FAH have been asked a lot about the differences between their live shows and the work that they post to their social media sites.  They have explained quite a few times that they definitely enjoy doing live shows more than the videos because they get to interact with the audience, and they don’t have to use so many props as in the videos, which require costumes and sometimes fairly distinct narratives.  Involved audiences are a vital component to FAH’s success with their live shows.  Foil explained in 2019 that their “intention is to bring everyone on board as it can be terrifying for some people [to be picked on].  But we love doing it because you never know what the audience may do, and we get a bit of a buzz from it.  It’s the element that makes every show unique” (Veronica Lee, Chortle). 

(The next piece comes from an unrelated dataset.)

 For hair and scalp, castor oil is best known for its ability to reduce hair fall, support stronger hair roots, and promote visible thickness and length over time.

In terms of their social media presence and their weekly videos, Foil stated in an interview with Dublin Live that “We make nothing off the videos, we do them as a way to get people to come to the live show . . . We’d love to just do the show, but the videos have been massive for attracting an audience” (2017).  The live material came first, they’ve explained, and as Arms has so astutely pointed out: “You have to find out whether real people think you’re funny before you get internet people to find you funny” (BBC Radio Ulster 2017).   

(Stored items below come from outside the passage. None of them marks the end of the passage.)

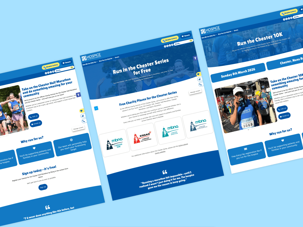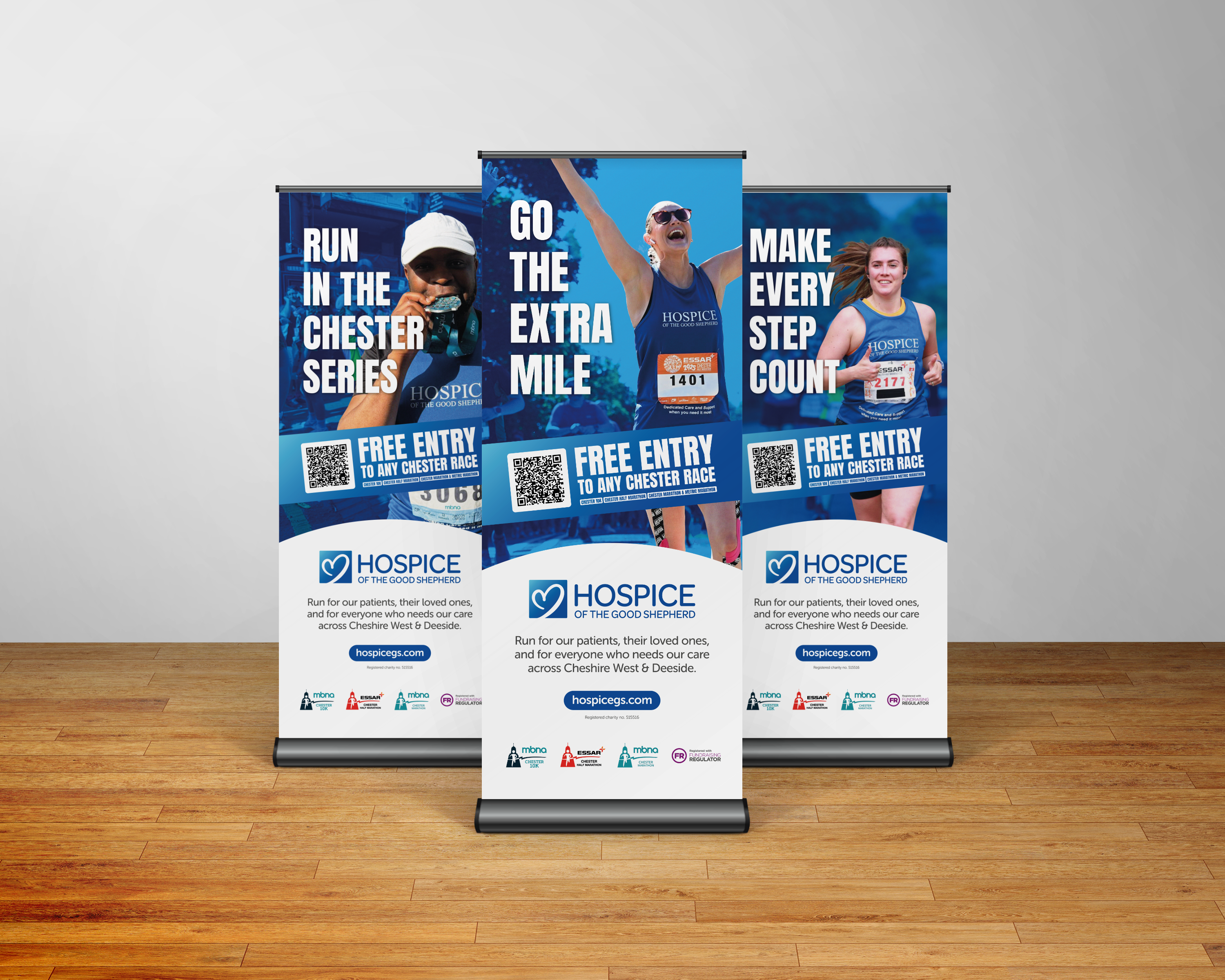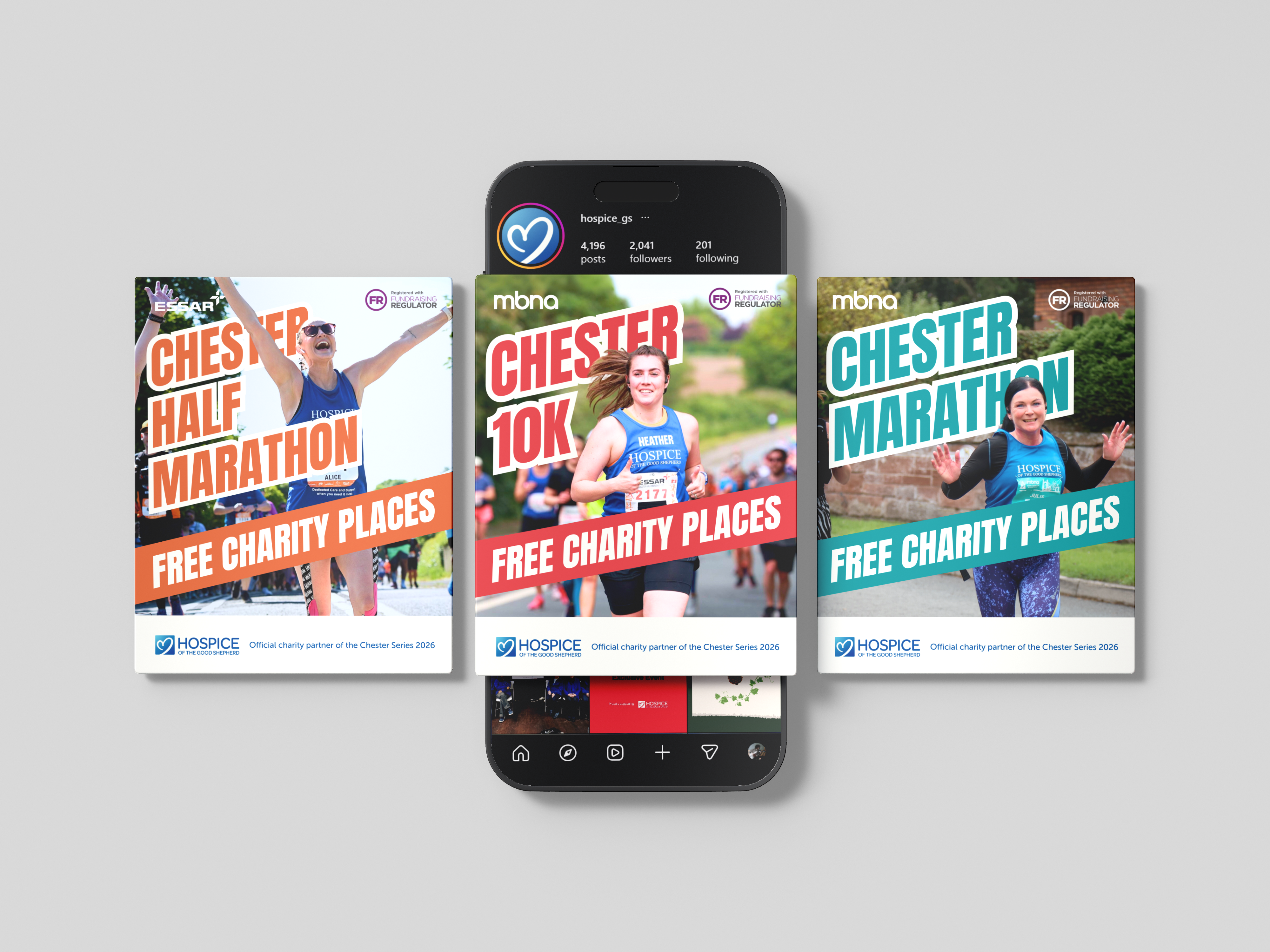Multi-channel marketing collateral for the Hospice of the Good Shepherd’s charity of the year partnership with the Chester Series 2026.
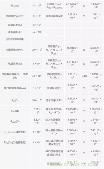 往下,在表格左側(cè),把所有誤差細分到各電阻級。電阻誤差也細分到了各個級,以便于了解相應(yīng)的權(quán)衡情況。右側(cè)所示為在信號流進流出各級時連讀計算和累計計算的誤差。
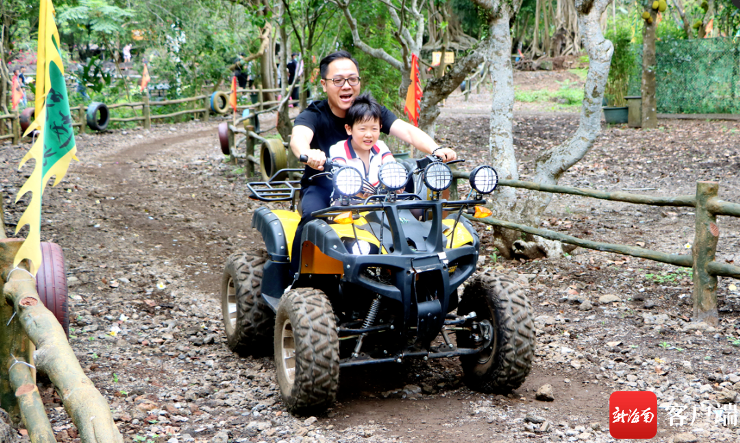 城市火山上,綠樹成蔭,游客們在火山石山路中穿越雨林,觀賞熱帶植被,看萬年熔巖流淌過的痕跡。當天,前來登山的游客也絡繹不絕。在野戰基地,一聲聲尖叫此起彼伏,游客們穿上颯爽軍裝,端起槍支,穿梭在叢林中展現各種隊形陣勢,投入到扮演士兵和將領的角色中。“沒想到火山口還有這種娛樂項目,讓孩子玩得很開心?!眮碜越鞯挠慰屠钏粗约旱暮⒆釉趨擦种写┧蟆?/span>

They have often said that the videos are an unknown; Arms, especially, has talked at length in many interviews about how hard it is to know what will work and what doesn’t for a YouTube or Facebook audience.  He has said that there is always a fear that something will flop entirely and people will hate it.  In a 2017 interview for Motley, he explained their process further, “the audience can see you but you can’t see them.  You have no idea if they’re enjoying it.  And if you happened to wake up at eight o’clock in the morning [when the videos are scheduled for release] to go to the toilet or something, your heart starts thumping ‘cause you know the video’s out and you’re screwed ‘cause you have to check it.” In a December 2019 interview with Dermot and Dave on TodayFM, Foil stated that “after 20 minutes we know on Facebook judging by how many likes [a new video] has gotten whether it’s a success or a failure.”  According to Foil, they “make a point of never performing the online videos live.  What works online usually doesn’t work on stage.  It’s very different kind of comedy, and much more surreal live” (Chortle 2019).  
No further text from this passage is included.